The main reasons you should set up a retirement plan for your small business is because it will help you and your employees secure their future, it helps minimize employee turnover, and because it can be declared as a business expense when you’re filing your taxes.

There are three different types of retirement plans that will work for small businesses, including SEP-IRA, SIMPLE IRA, and 401(k) plan. There are two types of 401(k) — one for self-employed individuals, and one for companies that have 100 employees or more. Since we are discussing small businesses, we will not be discussing the second 401(k) because it’s not suitable for businesses that have about 10 employees or less.

Each one of these retirement plans is different, and what they cover varies. In order to choose the right plan for your small business, you’ll need to understand what each one offers and match them with the needs of your business and employees. If you’ve been using a retirement plan that doesn’t fulfill your business needs, you may be losing out on tax benefits or even offering sub-par employee contributions.

Take All of Your Options Into Consideration

First, let’s break down the major differences between the three most common retirement plans for small businesses:

  • SEP-IRA retirement funds require contributions by the employer only, but can be claimed as tax deductible because they’re considered a business expense.
  • A SIMPLE IRA uses employee contributions as well as employer contributions, which are also tax deductible.
  • A Self-Employed 401(k), or a Solo 401(k), is a retirement plan meant for self-employed individuals who work for your business, but do not have any ownership of the company.

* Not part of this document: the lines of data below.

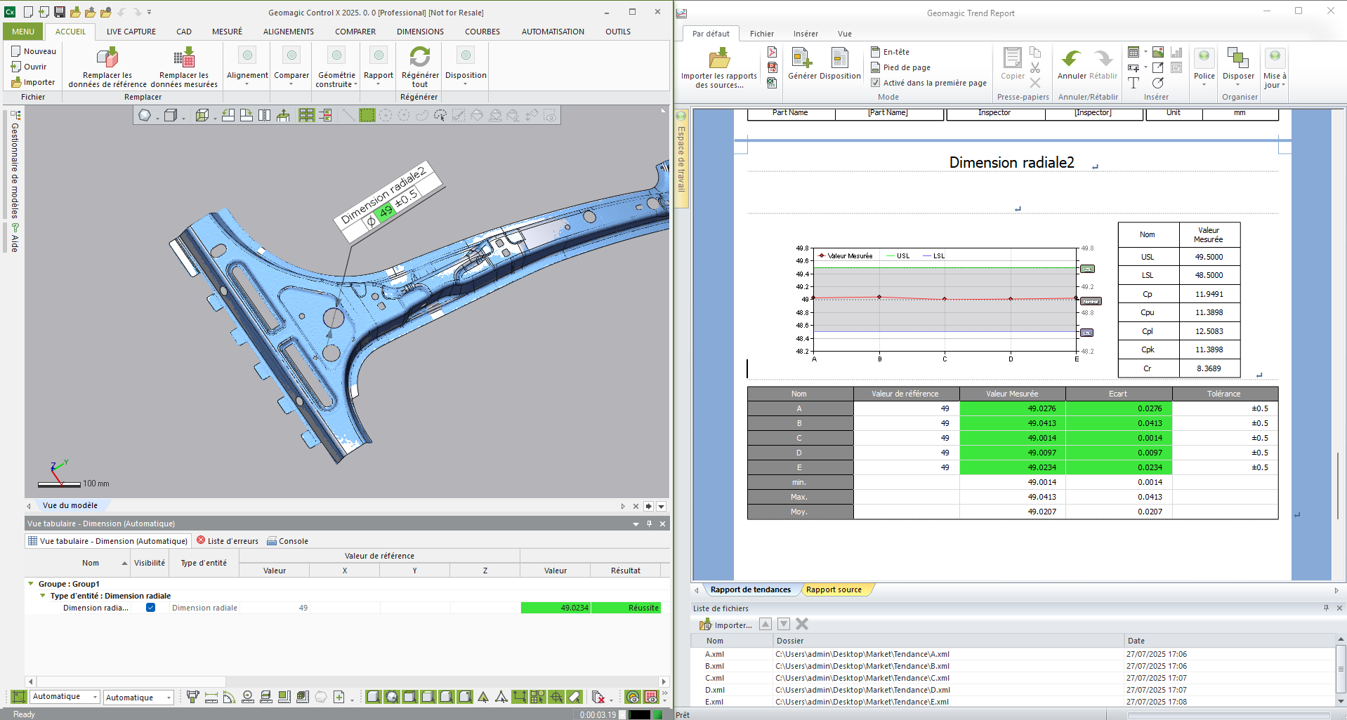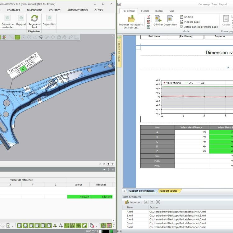Le suivi de tendance est une fonctionnalité clé pour transformer vos mesures 3D en indicateurs qualité à haute valeur ajoutée. En analysant l’évolution de vos cotes critiques sur plusieurs pièces, il devient possible d’anticiper un dépassement de tolérance, de valider une dérive maîtrisée, ou de déclencher une action préventive avant que la pièce ne soit non conforme.
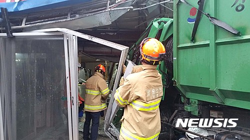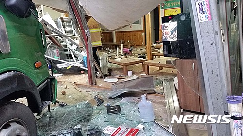 청소차 식당 돌진
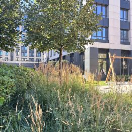 Шикарный двухуровневый озелененный двор с зонами для отдыха взрослых и детей.
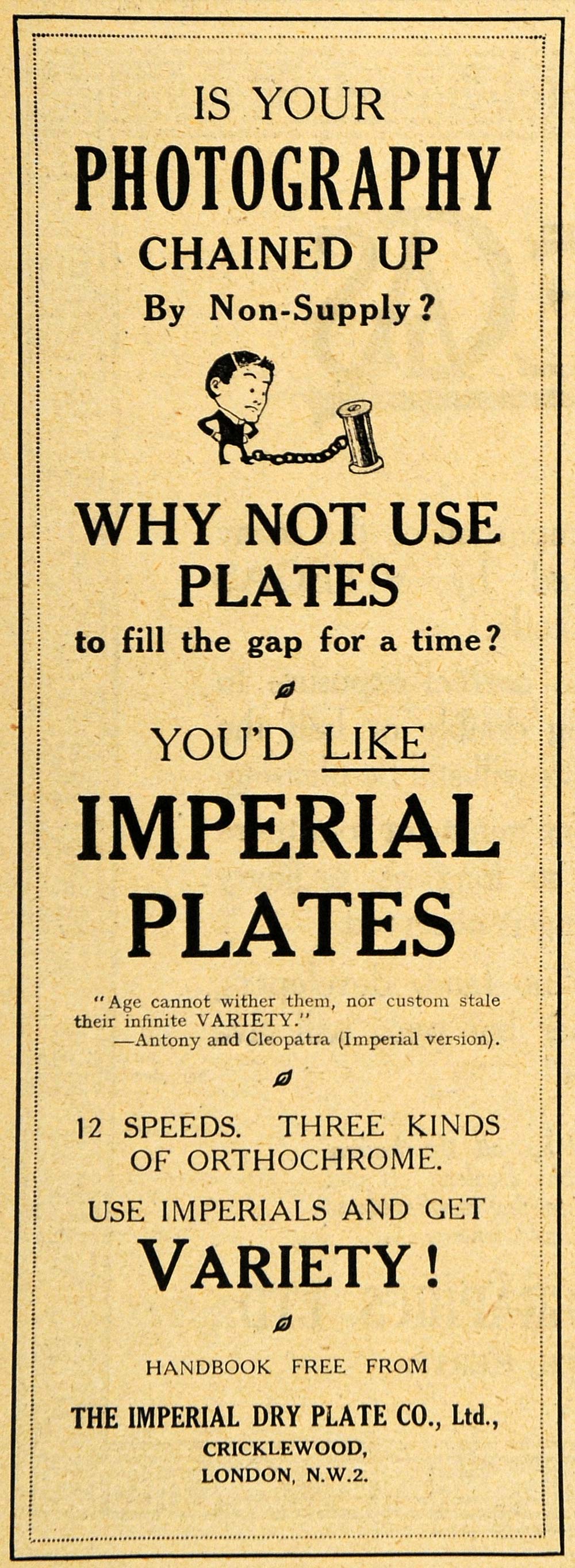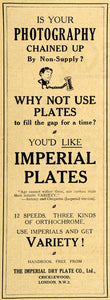 This is an original 1918 black and white WWI-era print ad for Imperial Plates for photography from The Imperial Dry Plate Co., Ltd. Cricklewood, London, England.
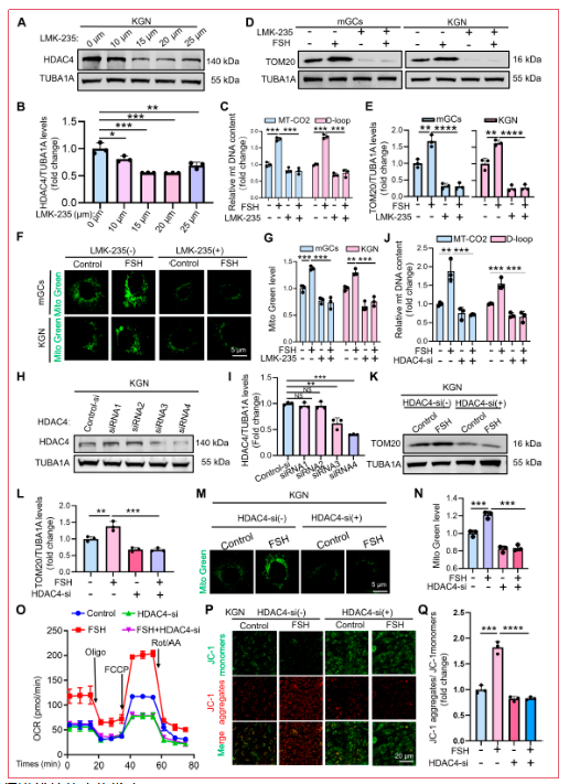 在确立H4K5la调控HDAC4表达后,研究人员接下来研究了HDAC4在FSH处理颗粒细胞中的功能作用。使用LMK-235(特异性IIa类去乙酰化酶家族拮抗剂,据报道可在转录和翻译水平抑制HDAC4表达)处理颗粒细胞。如预期,LMK-235处理后KGN细胞中HDAC4表达以浓度依赖性方式降低。基于这些结果,选择15 μM LMK-235作为后续实验的标准浓度。通过qRT-PCR定量线粒体DNA含量、线粒体标志物TOM20免疫印迹和MitoTracker Green染色线粒体证明,HDAC4的药理学抑制显著减弱FSH诱导的mGCs和KGN细胞线粒体生物发生。为最小化LMK-235与HDAC4抑制无关的潜在脱靶效应,研究人员随后采用siRNA介导的方法特异性沉默HDAC4。初步评估了四种靶向HDAC4的siRNA的基因沉默效率和特异性。FSH刺激下HDAC4敲低显著损害线粒体生物发生,表现为线粒体DNA拷贝数减少、TOM20蛋白水平降低和MitoTracker Green荧光减弱。与此一致,HDAC4耗竭抑制KGN细胞中FSH诱导的OCR和ΔΨm增加。这些结果牢固确立HDAC4作为颗粒细胞响应FSH的线粒体生物发生关键调节因子。
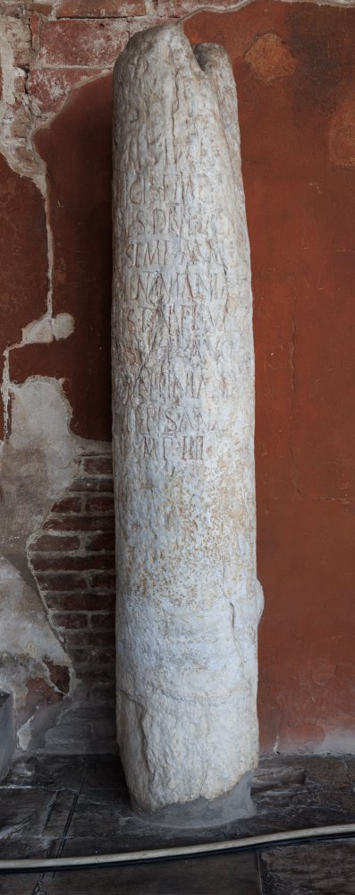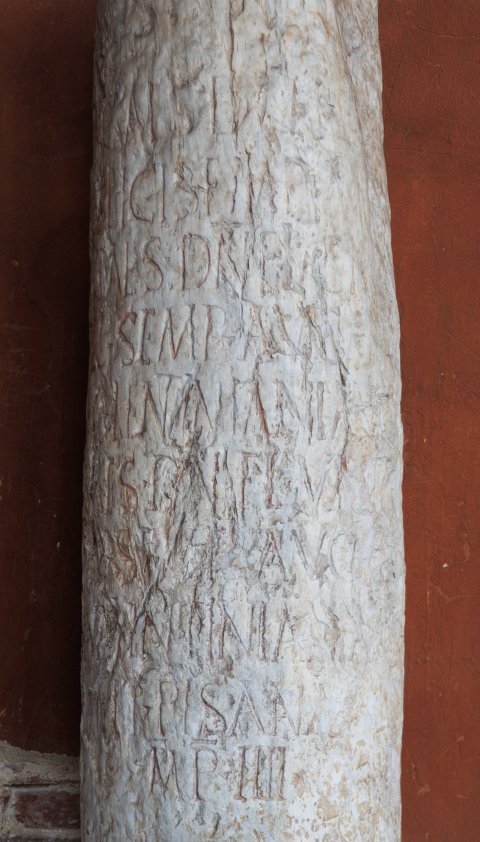 - Imp(eratori) Caes(ari) d(omino) n(ostro) F[l](avio) [Valent]i / Pio Felici semp(er) A[ug(usto)] / Imp(eratori) Caes(ari) d(omino) n(ostro) Fl(avio) Gr[atia]no / Pio Fel(ici) semp(er) Aug(usto) / divi Valentiniani Aug(usti) filio / [Im]p(eratori) Caes(ari) d(omino) n(ostro) Fl(avio) Valentiniano / [Pi]o F(e)l(ici) semp(er) Aug(usto) / divi Valentiniani Aug(usti) filio / civit(as) Pisana / m(ilia) p(assuum) IIII

Depending on which small business retirement plan you choose, you may be able to enjoy some tax benefits, such as:

  • Taxes may be deferred when your business is growing.
  • The ability to claim employer contributions as business expenses.
  • Your company may be eligible for a credit of up to $500 in the first three years that you offer a particular retirement plan.

Choosing the Right Retirement Plan for Your Small Business

As you take each plan into consideration, always keep your priorities in mind and look into what the trade-offs are. If the only people in your business are you and your business partner, you should consider a Self-Employed 401(k) in order to get the highest contribution limitations possible. If you have multiple employees, you will need to choose either the SEP-IRA retirement plan or SIMPLE IRA retirement plan, both of which cover your employees. The main difference between the two is that you would fund SEP retirement funds on your own, while SIMPLE would allow you and your employees to contribute.

Small business owners who know what they are looking for in a retirement plan may find it much easier to choose an appropriate plan for their company. If employee contribution or ease of administration is important, your choice should reflect that. Knowing what you need ahead of time is essential to choosing a plan because they all have their advantages and disadvantages.

The Good News

Fortunately, all three of these plans are affordable and easy to manage. Neither SEP nor SIMPLE requires employers to file with the IRS. The Self-employed 401(k), on the other hand, requires annual filing of form 5500 if plan assets rise above $250,000. Choosing the right retirement plan is important for both you and your employees, so you should do your research and only choose the small business retirement plan that works best for your business.